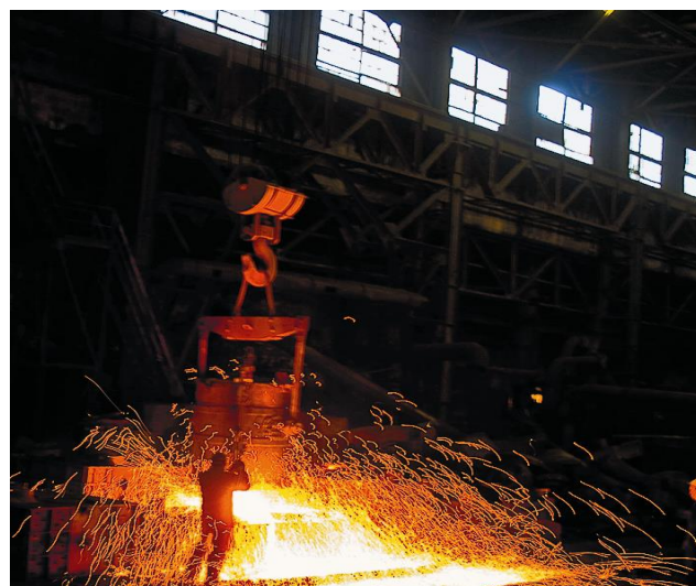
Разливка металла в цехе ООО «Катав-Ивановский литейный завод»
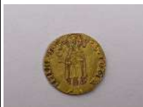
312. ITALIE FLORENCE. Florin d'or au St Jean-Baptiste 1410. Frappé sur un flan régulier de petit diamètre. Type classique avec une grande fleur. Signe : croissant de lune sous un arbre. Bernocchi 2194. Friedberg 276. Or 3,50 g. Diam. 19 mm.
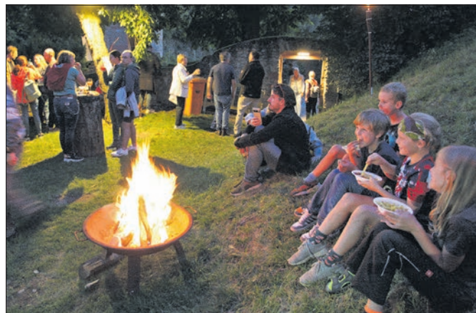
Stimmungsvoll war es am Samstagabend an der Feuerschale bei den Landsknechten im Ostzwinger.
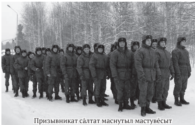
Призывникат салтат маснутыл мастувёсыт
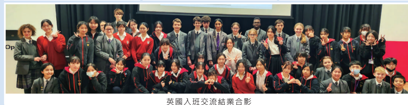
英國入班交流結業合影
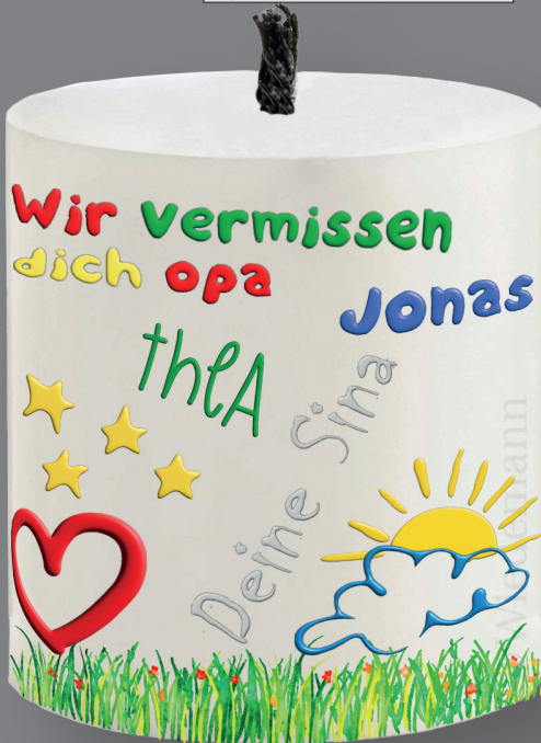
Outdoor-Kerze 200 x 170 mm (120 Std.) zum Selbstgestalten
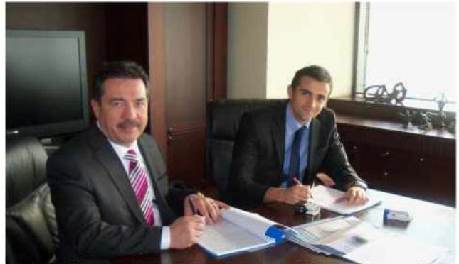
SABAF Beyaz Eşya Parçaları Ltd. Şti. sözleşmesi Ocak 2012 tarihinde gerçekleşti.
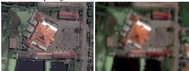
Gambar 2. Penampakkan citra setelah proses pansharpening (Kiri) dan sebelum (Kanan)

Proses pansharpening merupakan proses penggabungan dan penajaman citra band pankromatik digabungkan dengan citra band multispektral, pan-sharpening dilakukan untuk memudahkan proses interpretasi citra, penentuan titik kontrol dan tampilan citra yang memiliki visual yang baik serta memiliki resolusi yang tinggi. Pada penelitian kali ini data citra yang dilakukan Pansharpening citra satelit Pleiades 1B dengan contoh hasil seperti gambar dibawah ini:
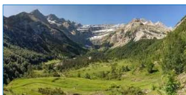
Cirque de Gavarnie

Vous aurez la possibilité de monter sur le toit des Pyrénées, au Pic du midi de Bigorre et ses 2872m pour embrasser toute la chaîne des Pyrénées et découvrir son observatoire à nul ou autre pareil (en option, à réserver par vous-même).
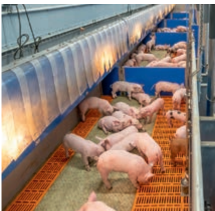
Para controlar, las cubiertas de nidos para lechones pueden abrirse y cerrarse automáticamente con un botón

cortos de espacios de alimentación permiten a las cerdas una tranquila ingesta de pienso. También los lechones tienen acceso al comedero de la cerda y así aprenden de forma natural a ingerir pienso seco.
--
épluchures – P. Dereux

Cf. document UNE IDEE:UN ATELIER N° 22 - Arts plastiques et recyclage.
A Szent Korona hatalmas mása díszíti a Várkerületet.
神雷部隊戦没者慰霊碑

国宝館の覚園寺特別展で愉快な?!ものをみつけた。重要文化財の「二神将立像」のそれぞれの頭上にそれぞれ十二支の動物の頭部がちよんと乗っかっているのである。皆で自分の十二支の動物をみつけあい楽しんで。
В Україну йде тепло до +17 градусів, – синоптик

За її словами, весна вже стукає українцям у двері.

Exercise objective
Copy word for word the span of the records above that begins at the line with "Призывникат салтат маснутыл мастувёсыт" and ends at the line with "Gambar 2. Penampakkan", including those two lines but not the pictures.

Answer for this exercise
Призывникат салтат маснутыл мастувёсыт
英國入班交流結業合影
Outdoor-Kerze 200 x 170 mm (120 Std.) zum Selbstgestalten
SABAF Beyaz Eşya Parçaları Ltd. Şti. sözleşmesi Ocak 2012 tarihinde gerçekleşti.
Gambar 2. Penampakkan citra setelah proses pansharpening (Kiri) dan sebelum (Kanan)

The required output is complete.